Luís Miguel Neto, EdD – Professor na unidade de coordenação de gestão de recursos humanos do Instituto Superior de Ciências Sociais e Políticas da Universidade de Lisboa
Qual a origem da ‘supervisão positiva’ e qual a sua definição prática? Que consequências para a GRH?
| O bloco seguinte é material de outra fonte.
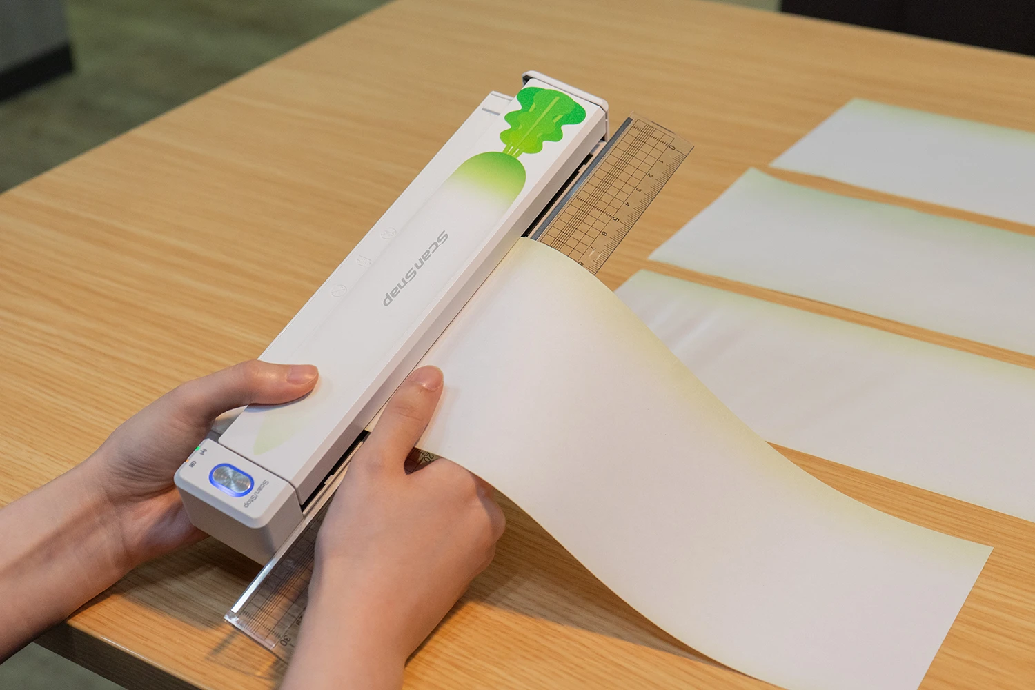 - 業務用スキャナーで培った技術による安定給紙技術により、薄紙などスキャンが難しい原稿にも幅広く対応

A designação ‘supervisão positiva’ nasce a partir dos trabalhos de Frederike Bannink(1). A noção proposta e as práticas decorrentes possuem raízes em modelos inicialmente oriundos na área das psicologias ‘clínicas’, sendo a ligação mais próxima o modelo da Orientação para as Soluções(2). Estas práticas foram expandidas para as organizações, particularmente no âmbito do desenvolvimento organizacional e da gestão de pessoas. A ‘supervisão positiva’ passou assim por uma fase de validação e aperfeiçoamento no difícil contexto da prática ‘clínica’, por natureza mais circunscrita, mas também rigorosa e consequente.
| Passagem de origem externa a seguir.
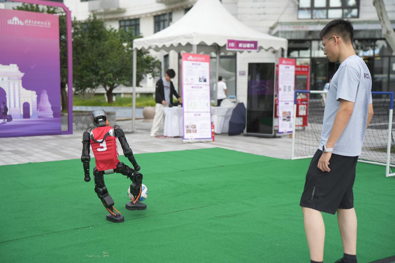 同学们惊喜地发现,在刚刚结束的首届人形机器人足球5V5比赛中夺冠的米兰火神队机器人,也是迎新队伍的一员。迎新点还配备了一块触控电子展示屏,新生可以现场登陆“水木汇”微信小程序,体验校园一站式智能化生活服务。签名墙上,同学们纷纷写下畅想与祝福。

Arriscando uma definição com base teórico-prática sistémica, a ‘supervisão positiva’ pode (e deve) ser vista como uma aplicação dos princípios da teoria geral dos sistemas aos grupos e organizações humanas, que tem por base a noção de “feedback” positivo, isto é, a identificação de comportamentos e processos que alimentam o avanço e aprendizagem do sistema. Isso é feito com base na informação sobre o comportamento anterior (retroação), mas tendo em vista as finalidades desse mesmo sistema, projetadas num futuro benéfico e progressivo. Assim, o sentido do termo positivo é tomado num âmbito e função de mudança estratégica e estrutural. “Feedback” positivo significa ‘dizer bem’ – ou, com a ajuda de um neologismo, ‘a+bem+soar’/abençoar. Significa, sobretudo, concretizar as potencialidades mais positivas das pessoas e dos sistemas humanos. Portanto, ‘supervisão positiva’ em GRH significa e implica, simultaneamente, a ‘atualização’(3), a criação de um “growth mindset” grupal(4) e, por último, mas não menos importante, pela liderança positiva, tal como é entendida por Kim Cameron (2010), Robert Quinn e Ryan Quinn (2015) e Lopes e Neto (2017).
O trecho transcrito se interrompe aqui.